At that level he was recruited as a running back. Army and Navy both sought his services, in part because Colerain ran the triple option and they felt he’d be able to play right away at their academies. He had a spot at Georgetown University in Washington, D.C., which has a Football Championship Subdivision program and is among the top-ranked academic schools in the country, waiting for him as well.
Those options weren’t afterthoughts, but Johnson knew for a while where he wanted to be, even if it wasn’t on scholarship. He followed his heart to the place his mom would have most loved watching him play.
“When she passed away, I just felt like I owed it to her and the rest of my family to try and fulfill that dream,” Johnson said. “Not only for her, but myself, too.”

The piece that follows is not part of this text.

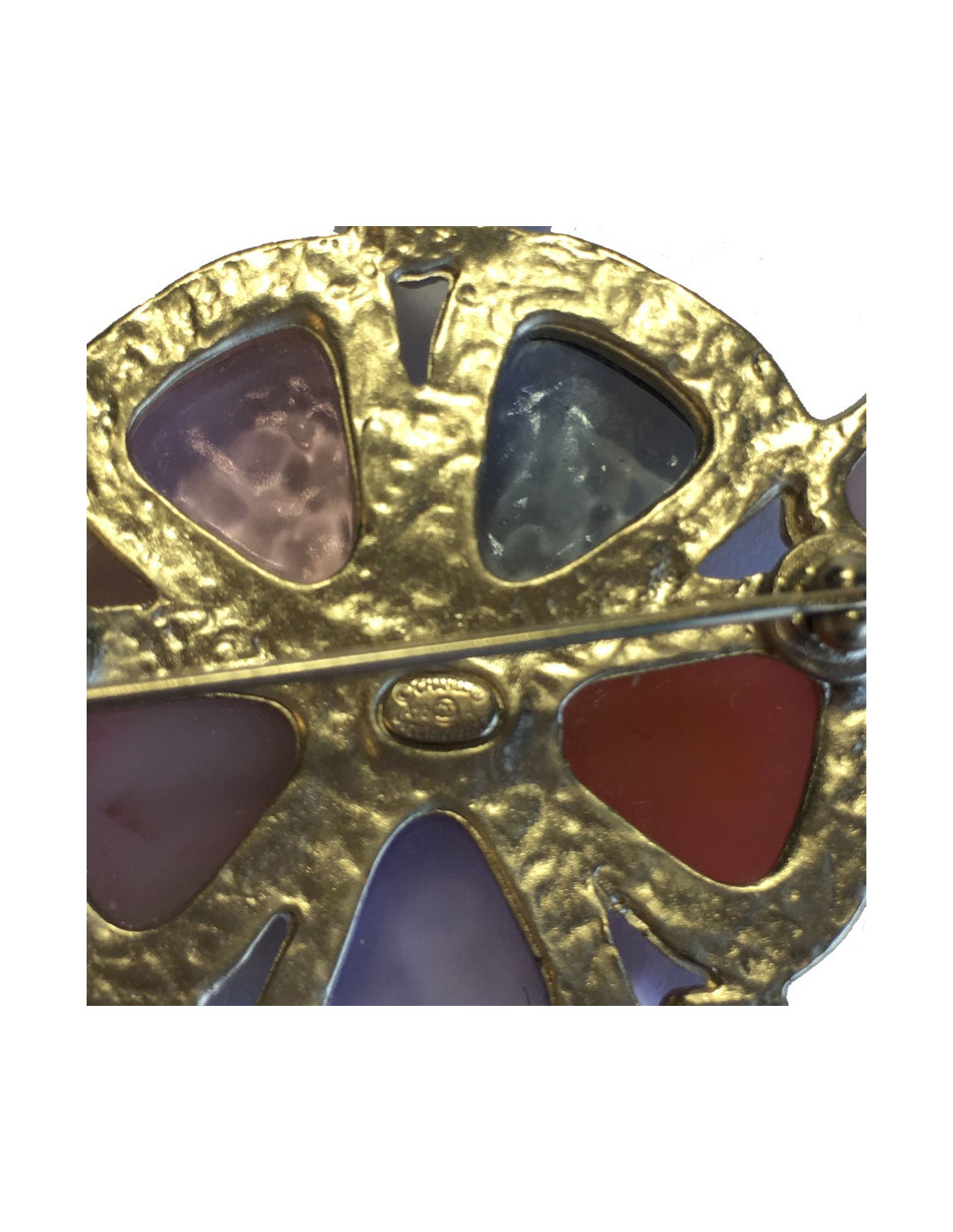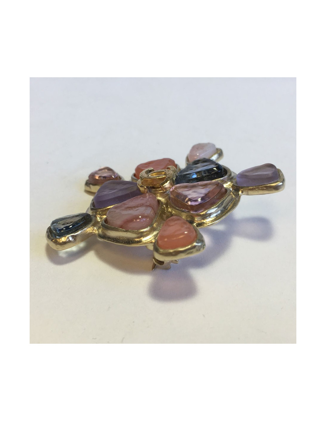 Très belle broche CHANEL en métal doré sertie de pierres en résines colorées dans les tons de rose et mauve. Un CC doré se trouve au centre du bijou.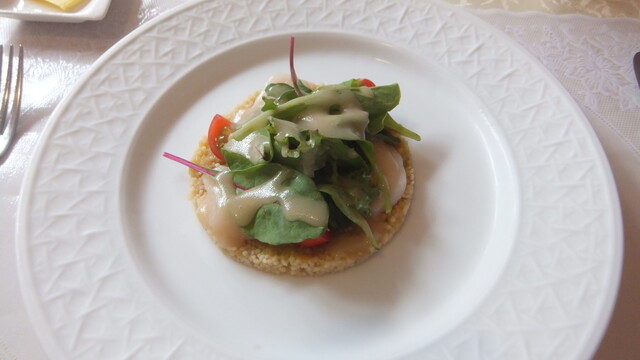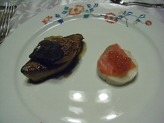 オードブル2種は、フォアグラとホタテ。美味しい。フォアグラの濃厚な味が、素敵だ。

Johnson walked on at Kentucky as part of the 2016 recruiting class, which featured two signees at his position who would go onto big things — A.J. Rose and Benny Snell. Jojo Kemp and Stanley “Boom” Williams also were still on the roster upon his arrival, so touches in the backfield were far from happening.

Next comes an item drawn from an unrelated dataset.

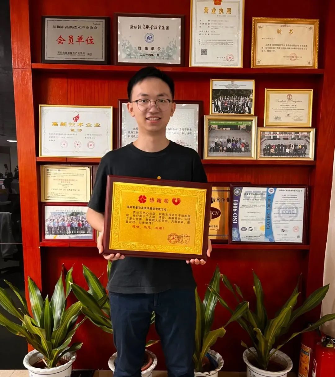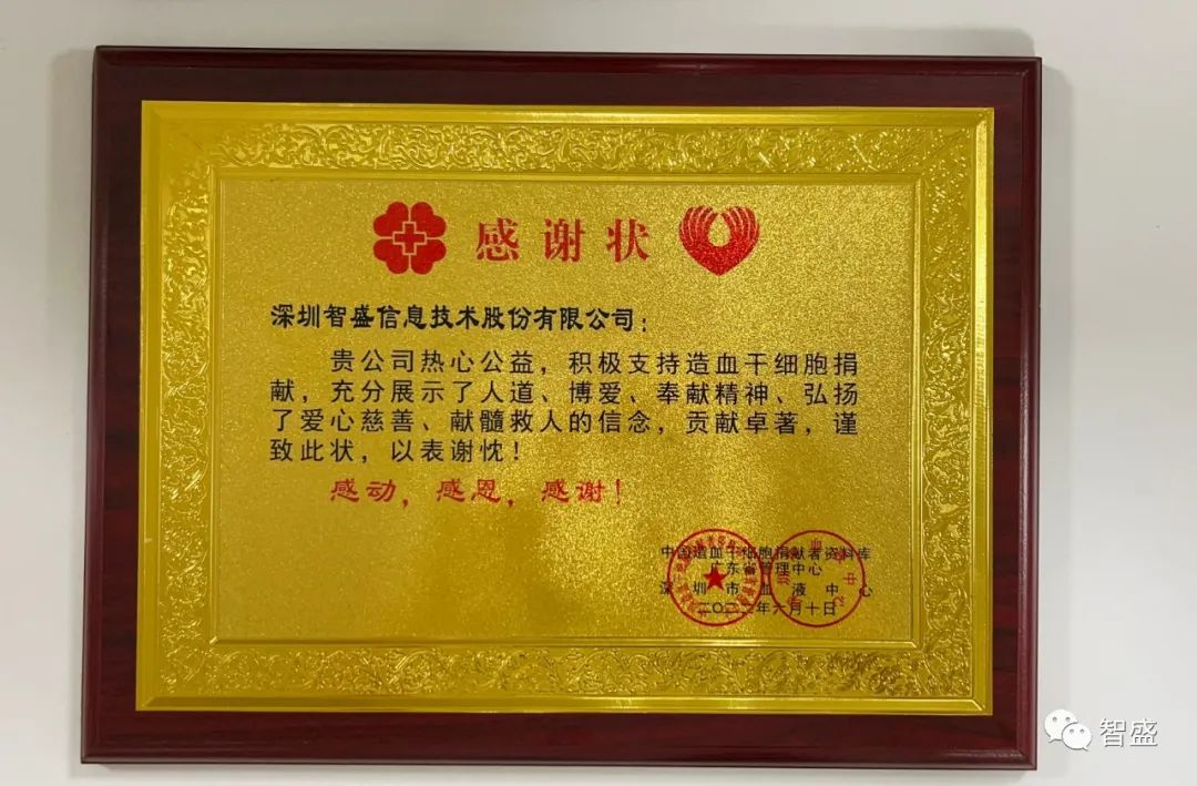 當日,深圳市血液中心為韋宗杰和深圳智盛信息技術股份有限公司頒發(fā)了榮譽證書和感謝狀。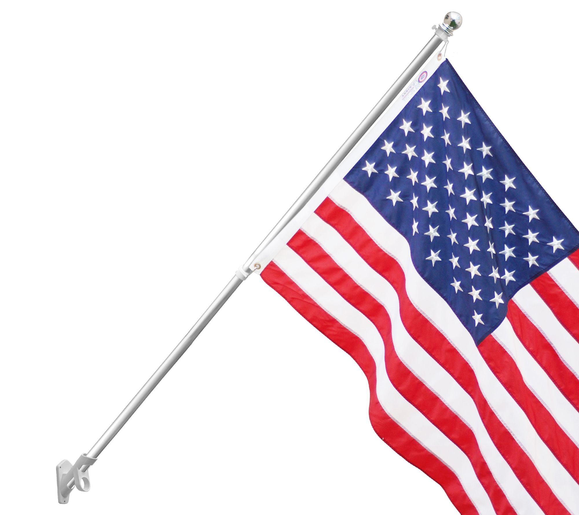 Three cheers for the red, white, and blue! And three cheers to Annin Flagmakers for providing us with a sturdy flag pole to fly our stars and stripes. Constructed out of aluminum, secured with the included wall mount, and topped with a classic round ornament, it ensures patriotism, team spirit, or military allegiance is displayed proudly day after day. From Annin Flagmakers.

He worked with the running backs for two years before former special teams coordinator and safeties coach Dean Hood, now the head coach at Murray State, identified him as a hidden gem who could be deployed on special teams. The rest is history.

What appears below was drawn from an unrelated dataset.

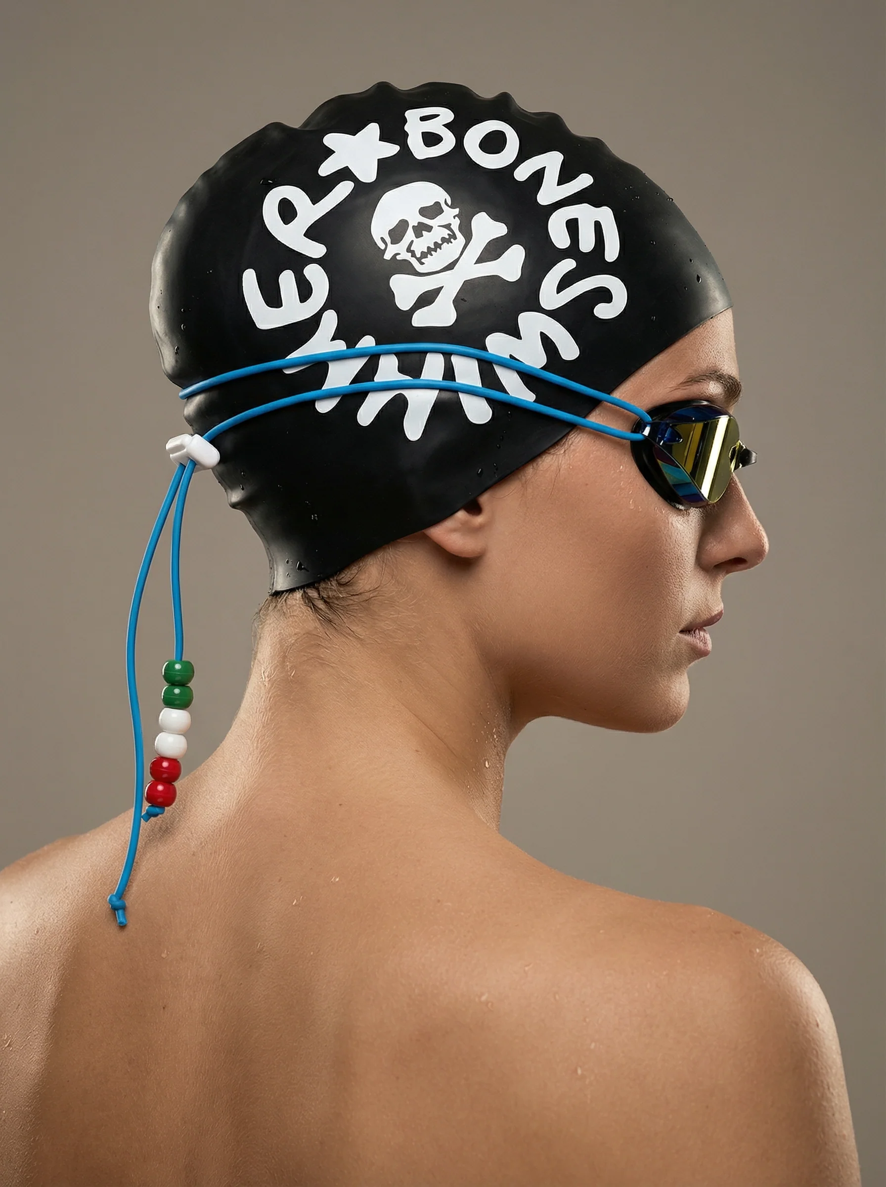 Queste perline tricolore scorrono sull’elastico degli occhialini e trasformano un gesto tecnico in un segno riconoscibile: pulito, grafico, italiano.

It isn’t the role he originally envisioned, but it’s his.
“For young guys coming in, they might look at special teams as something like, ‘Why am I on this? I want to be playing on offense, I want to be playing on defense,’ but at the same time, if you’re excelling on special teams, it makes the coach trust you more to put you on the field on offense and defense,” Johnson said. “You just gotta embrace that role and do what the team needs you to do, and eventually everything you reap is gonna come back to you and you’ll end up being successful.”
Cindy won’t physically be there on Senior Day, but she will take the field Saturday, just as she’d done 43 times before, when her son trots out there and does whatever UK’s coaching staff asks of him.
“It really taught me to step back in life,” Johnson said. “ … It made me a stronger person, but there’s not a day that goes by when I don’t think about her.”
Next game
South Carolina at Kentucky
When: 7:30 p.m. Saturday
TV: SEC Network
Records: Kentucky 3-6; South Carolina 2-7
Radio: WLAP-AM 630, WBUL-FM 98.1
Series: South Carolina leads 18-12-1.
Last meeting: South Carolina won 24-7 on Sept. 28, 2019, at Columbia, S.C.